2nd place (4x 1st, 3x 2nd): Jean Chartron Clos des Chevaliers 2004. Touch of reduction, well judged classy oak, great length and a textbook Chevalier linear acid spine. My WOTF by a whisker over Ramonet but those two wines were for me a significant step up compared to the the others.

3rd place: Jacques Prieur Chevalier Montrachet 2004 (1x voted 1st, 3x 2nd). A decadent and rich Chevy with ripe yellow and orange fruit. Picked too late for my liking, but that seems to be the house style. Always the better wine compared to his Montrachet as there is balancing acidity to be found here. 

4th place: Simon Bize Chevalier Montrachet 2004 (2x voted 2nd). Clean and transparent citrus and white stone fruits without any apparent oak. Showing young with a slightlu biting acidity and some leanness on the midpalate. I very much prefer this early picking style compared to Prieur. 
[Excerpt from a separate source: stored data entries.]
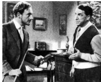
1949 VIENT DE PARAÎTRE de Jacques Houssin avec Rellys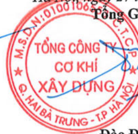
Đào Đức Thọ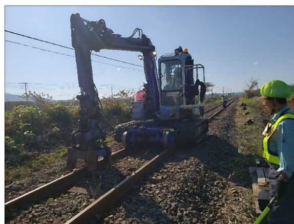
写真2. 重機による道床つき固め作業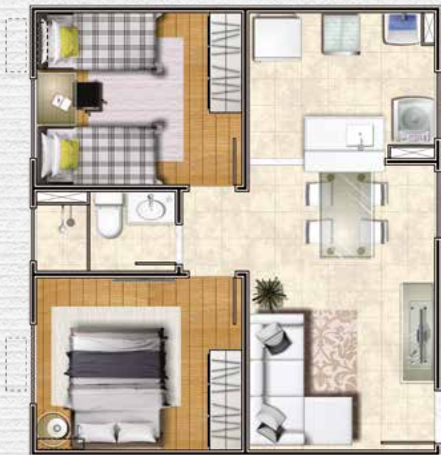
Ref.: unid. 201, bl. 09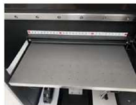
Plataforma de succión de alta precisión (planitud de 0,1 mm)

5th. Jacques Prieur Montrachet 2004 (zero votes). My third encounter with this wine and it always shows advanced and overripe. Notes of sugarcane, baked apple, pineapple tart, honey coated almonds that lead into an alcoholic finish with insufficient acidity. Truly a poor effort for such a grand terroir. And it’s not just the late picking as DRC does the same and their wine is infinitely better. 

Five out of twelve participants correctly picked out the Prieur Montrachet as the outlier and five others thought it was Prieur’s Chevalier Montrachet. Producer matters...

Flight 2: The Colins

A rare sight of all 2004 Chevalier expressions by the various Colin family branches. With a PYCM Montrachet threw in for good measure. Obviously...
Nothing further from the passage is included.